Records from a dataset
============

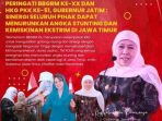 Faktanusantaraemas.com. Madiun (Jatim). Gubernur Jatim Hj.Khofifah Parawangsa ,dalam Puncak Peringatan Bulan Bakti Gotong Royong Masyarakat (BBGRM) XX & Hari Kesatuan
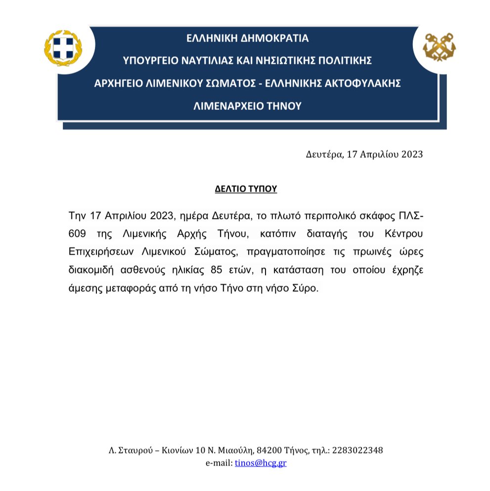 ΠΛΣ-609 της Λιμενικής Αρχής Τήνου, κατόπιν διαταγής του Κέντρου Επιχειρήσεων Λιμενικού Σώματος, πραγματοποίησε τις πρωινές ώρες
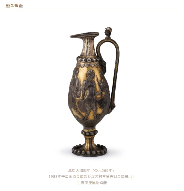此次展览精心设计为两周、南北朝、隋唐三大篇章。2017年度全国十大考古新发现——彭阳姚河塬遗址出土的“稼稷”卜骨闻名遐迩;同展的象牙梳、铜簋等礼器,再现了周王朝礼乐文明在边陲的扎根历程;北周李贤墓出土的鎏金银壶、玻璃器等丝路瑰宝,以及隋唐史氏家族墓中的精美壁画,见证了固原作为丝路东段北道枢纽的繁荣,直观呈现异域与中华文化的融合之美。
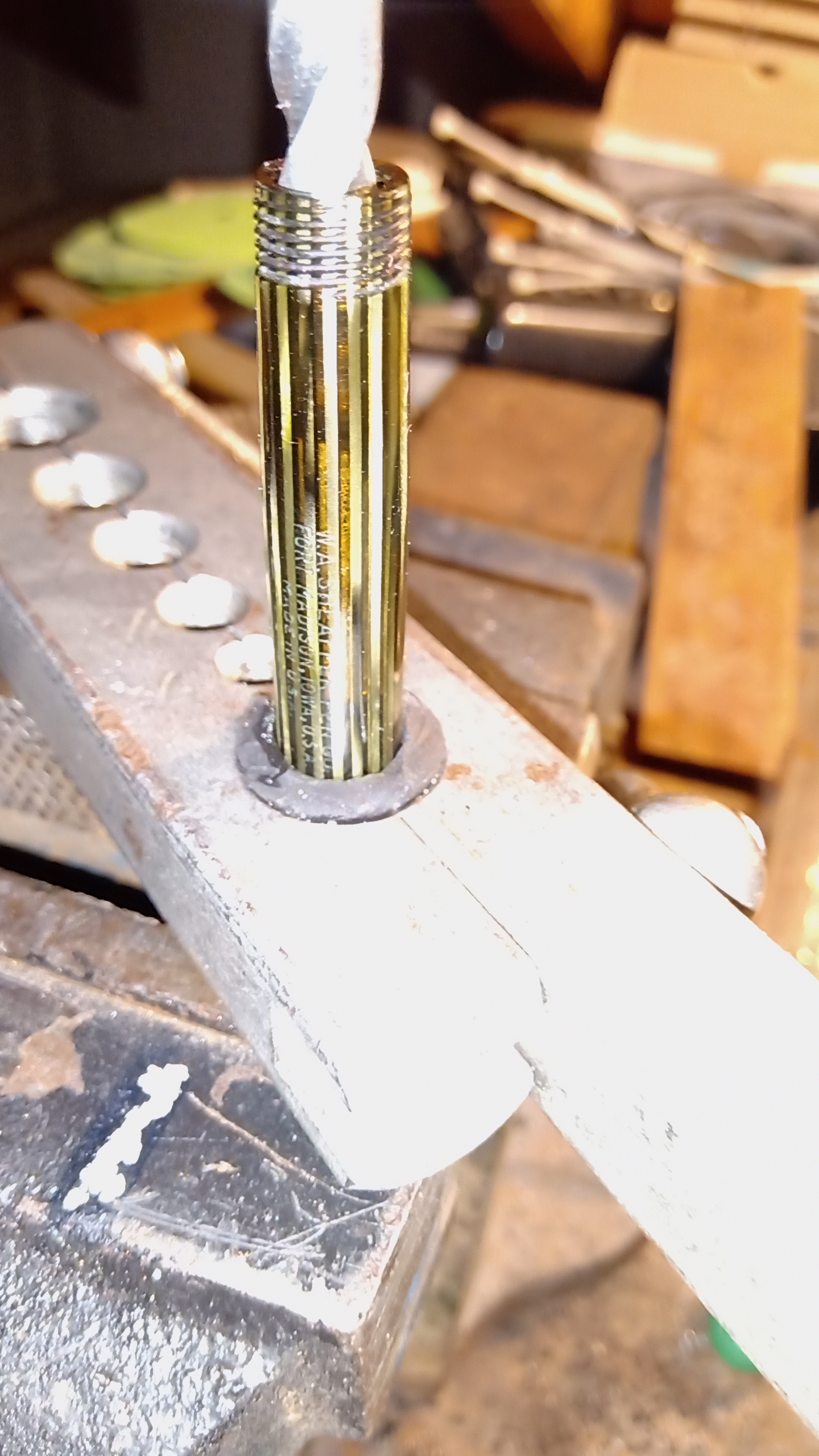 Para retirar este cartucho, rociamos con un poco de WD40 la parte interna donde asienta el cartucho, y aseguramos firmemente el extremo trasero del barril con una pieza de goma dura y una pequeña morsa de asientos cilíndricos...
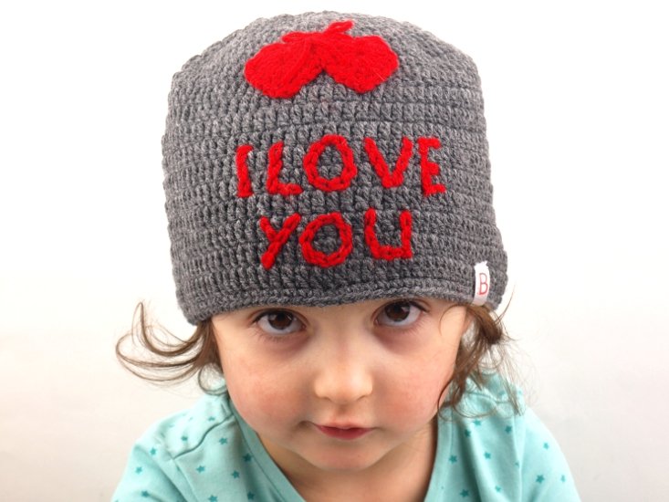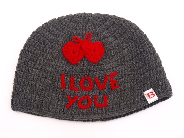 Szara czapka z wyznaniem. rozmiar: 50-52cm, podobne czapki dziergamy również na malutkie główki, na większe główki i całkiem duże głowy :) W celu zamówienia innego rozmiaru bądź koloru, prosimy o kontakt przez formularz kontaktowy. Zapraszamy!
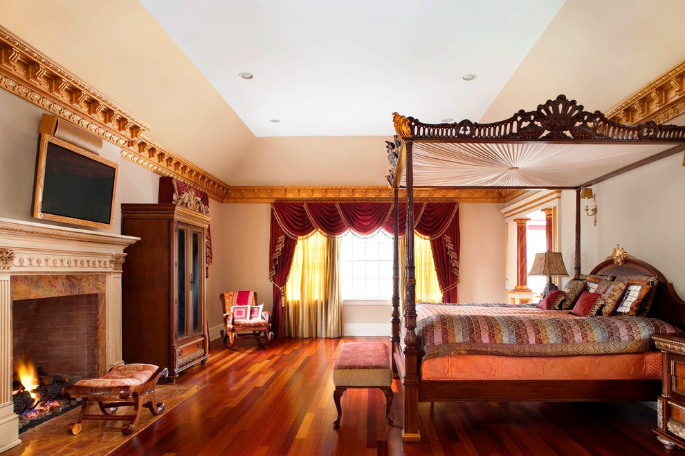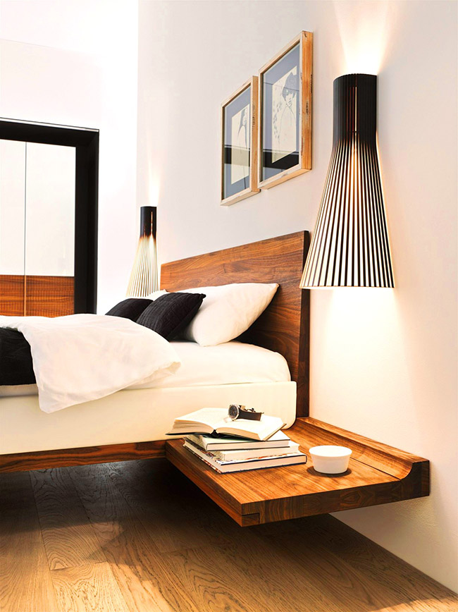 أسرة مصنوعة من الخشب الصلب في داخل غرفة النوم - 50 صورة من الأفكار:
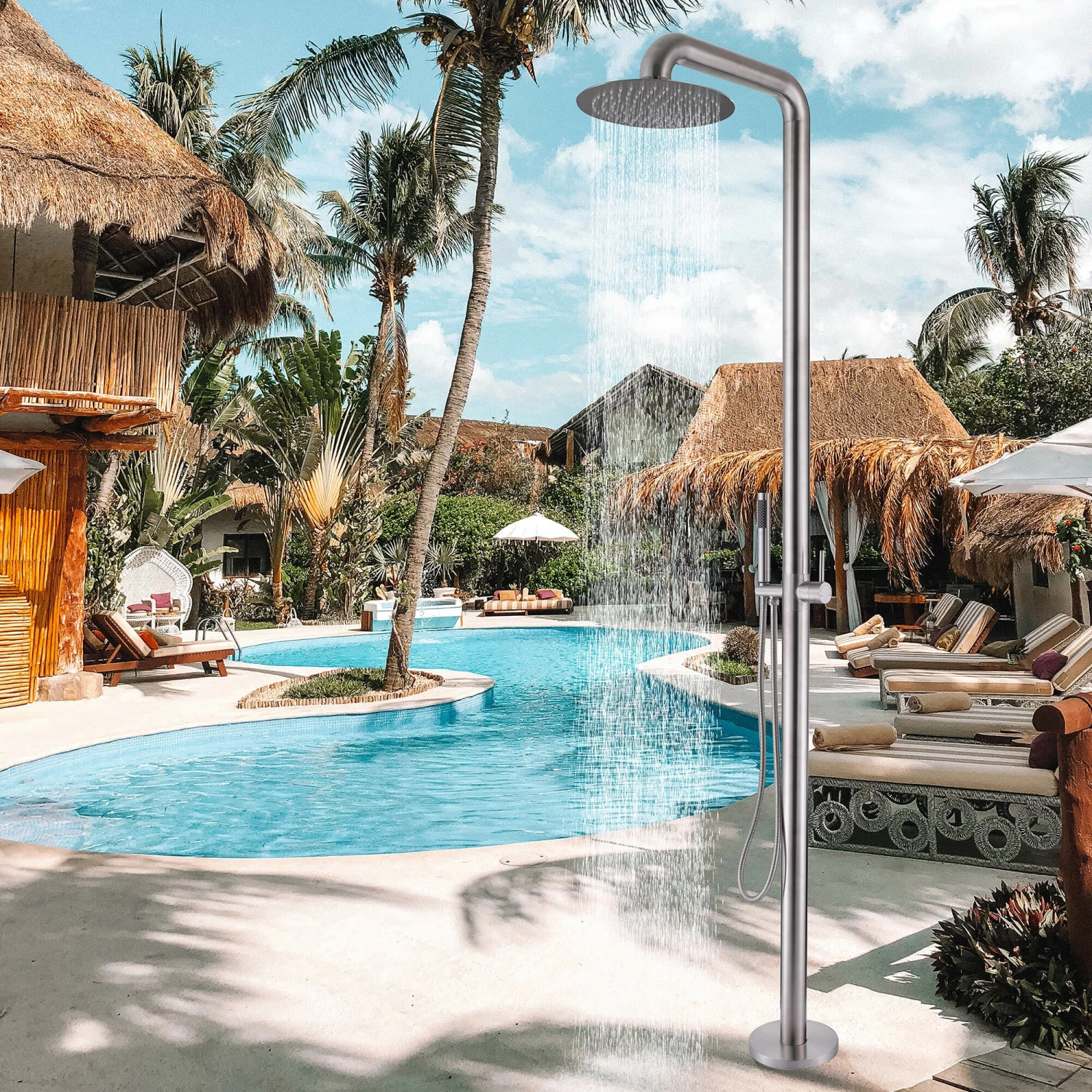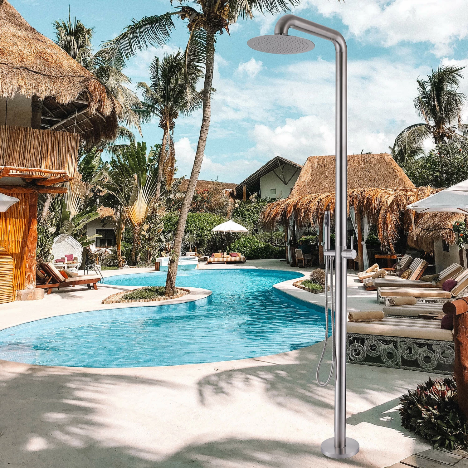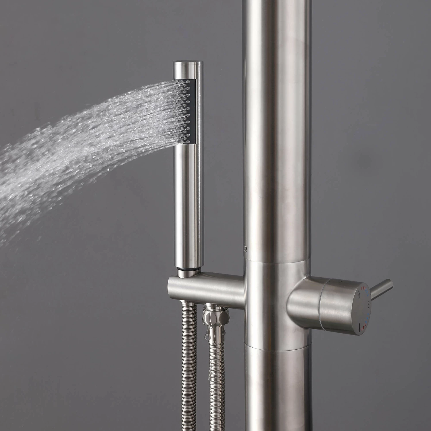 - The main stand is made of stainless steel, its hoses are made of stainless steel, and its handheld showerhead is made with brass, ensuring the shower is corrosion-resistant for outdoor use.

============

▶ YOUR INSTRUCTIONS
Your answer must be the exact lines of the records from the first one through the line containing "Szara czapka z", with no pictures in it.

▶ YOUR SOLUTION
 Faktanusantaraemas.com. Madiun (Jatim). Gubernur Jatim Hj.Khofifah Parawangsa ,dalam Puncak Peringatan Bulan Bakti Gotong Royong Masyarakat (BBGRM) XX & Hari Kesatuan
 ΠΛΣ-609 της Λιμενικής Αρχής Τήνου, κατόπιν διαταγής του Κέντρου Επιχειρήσεων Λιμενικού Σώματος, πραγματοποίησε τις πρωινές ώρες
此次展览精心设计为两周、南北朝、隋唐三大篇章。2017年度全国十大考古新发现——彭阳姚河塬遗址出土的“稼稷”卜骨闻名遐迩;同展的象牙梳、铜簋等礼器,再现了周王朝礼乐文明在边陲的扎根历程;北周李贤墓出土的鎏金银壶、玻璃器等丝路瑰宝,以及隋唐史氏家族墓中的精美壁画,见证了固原作为丝路东段北道枢纽的繁荣,直观呈现异域与中华文化的融合之美。
 Para retirar este cartucho, rociamos con un poco de WD40 la parte interna donde asienta el cartucho, y aseguramos firmemente el extremo trasero del barril con una pieza de goma dura y una pequeña morsa de asientos cilíndricos...
 Szara czapka z wyznaniem. rozmiar: 50-52cm, podobne czapki dziergamy również na malutkie główki, na większe główki i całkiem duże głowy :) W celu zamówienia innego rozmiaru bądź koloru, prosimy o kontakt przez formularz kontaktowy. Zapraszamy!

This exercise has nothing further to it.